- Opening Delimiter -

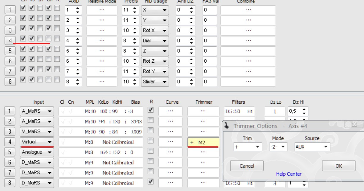 Pilli Опубликовано: 4 августа Опубликовано: 4 августа 25.07.2025 в 11:29, -DED-Ron сказал: Просто новые фичи появляются быстрее, чем обновления руководства. Кто вам мешает назначить свои названия осей в колонке HID Usage? Только не назначайте одинаковые для исключения пересечения. По зуму - на двух кнопках Flaps создаем виртуальную ось на свободной четвертой (если педалей нет подключенных - то ещё 3 есть), которая и будет за него отвечать. Множители скорости подбирайте сами, показана только одна кнопка. Думаю, со второй уже сами справитесь. Перевёл обзор на виртуальную ось, всё ОК, но всё равно присутствует дискретность при перемещении. Я так понимаю это зависит от самого движка игры и это не поправить?
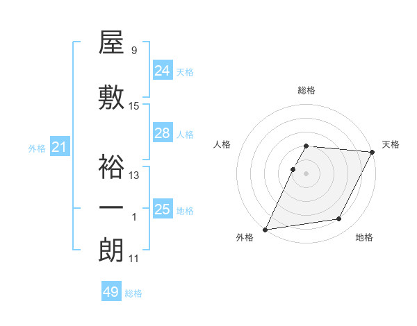 屋敷 裕一朗さんを姓名の画数から五運を鑑定
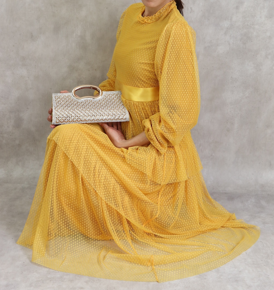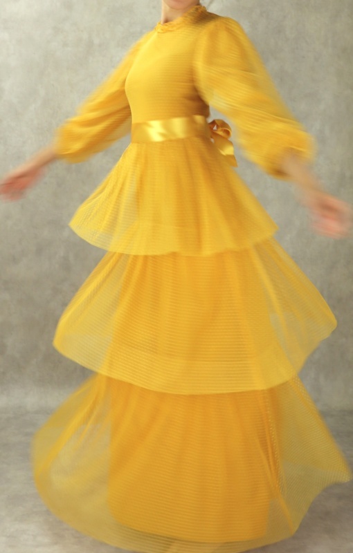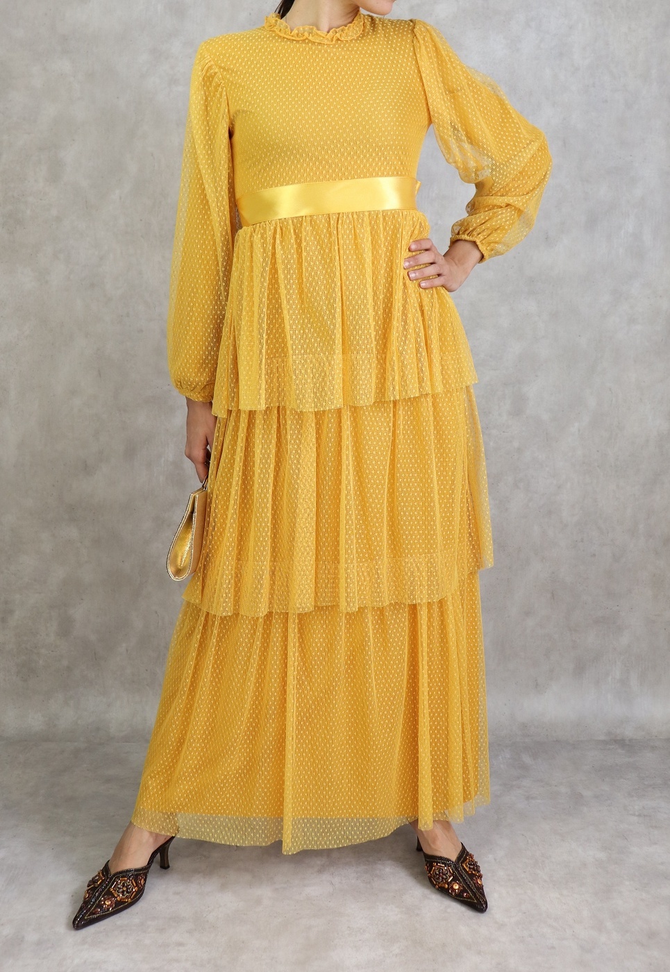 Robe longue en tulle a volants pour femme - Couleur jaune moutarde

- Closing Delimiter -

**WORK TO COMPLETE:** Please print exactly the lines running from the line with "屋敷 裕一朗さんを姓名の画数から五運を鑑定" through the final line of the material, and nothing more. Keep pictures out.

**RESULT OF THE EXERCISE:**
 屋敷 裕一朗さんを姓名の画数から五運を鑑定
 Robe longue en tulle a volants pour femme - Couleur jaune moutarde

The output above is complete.